◆ Recorded data ◆
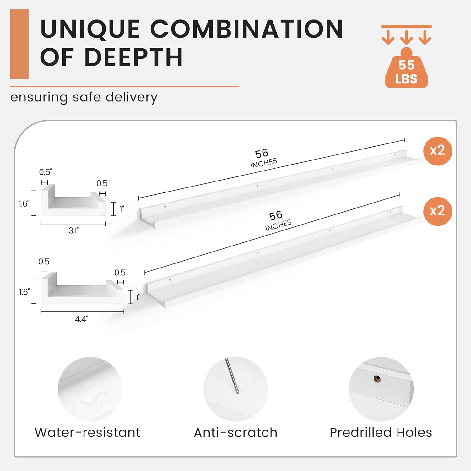 Floating Picture Ledge Shelves for Wall Set of 4, 56 Inch Wall Shelves with Lip Long Large Nursery Book Shelf for Toys Storage Kids Bookshelf Wall Mounted Living Room Bedroom Decor Frames
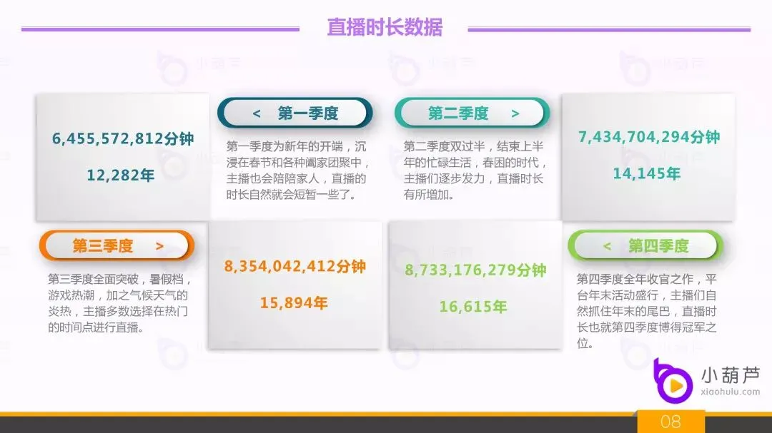 4、2018年直播行业直播时长数据:2018年全平台主播的直播时长是5.8万年,这是一个昂长的时间单位,从此就可以看出主播们有多努力了。我们将数据分为四个季度来解释,从数据中可以看出,每一个季度的时间都超过了一万年,也就是说每一个季度都能让大话西游中周星驰爱的誓言重来一次了。
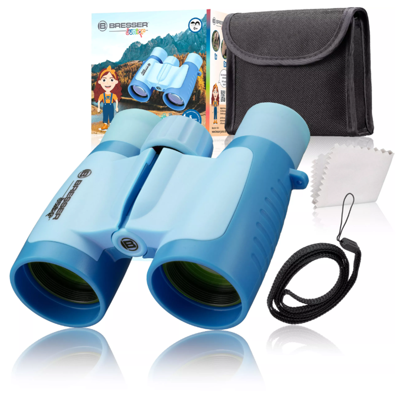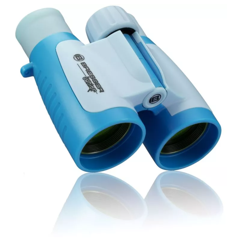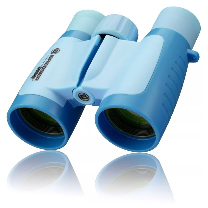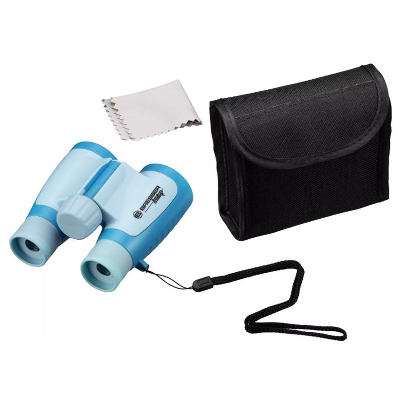 Børnekikkert af mærket BRESSER. Kikkerten har forstørrelse på 3x zoom hvilket gør den perfekt til at kigge efter fugle, natur, sport eller som rejsekikkert.

◆ Instructions to follow ◆
Retype the data above as given, letting no picture into the copy.

◆ Answer box ◆
 Floating Picture Ledge Shelves for Wall Set of 4, 56 Inch Wall Shelves with Lip Long Large Nursery Book Shelf for Toys Storage Kids Bookshelf Wall Mounted Living Room Bedroom Decor Frames
 4、2018年直播行业直播时长数据:2018年全平台主播的直播时长是5.8万年,这是一个昂长的时间单位,从此就可以看出主播们有多努力了。我们将数据分为四个季度来解释,从数据中可以看出,每一个季度的时间都超过了一万年,也就是说每一个季度都能让大话西游中周星驰爱的誓言重来一次了。
 Børnekikkert af mærket BRESSER. Kikkerten har forstørrelse på 3x zoom hvilket gør den perfekt til at kigge efter fugle, natur, sport eller som rejsekikkert.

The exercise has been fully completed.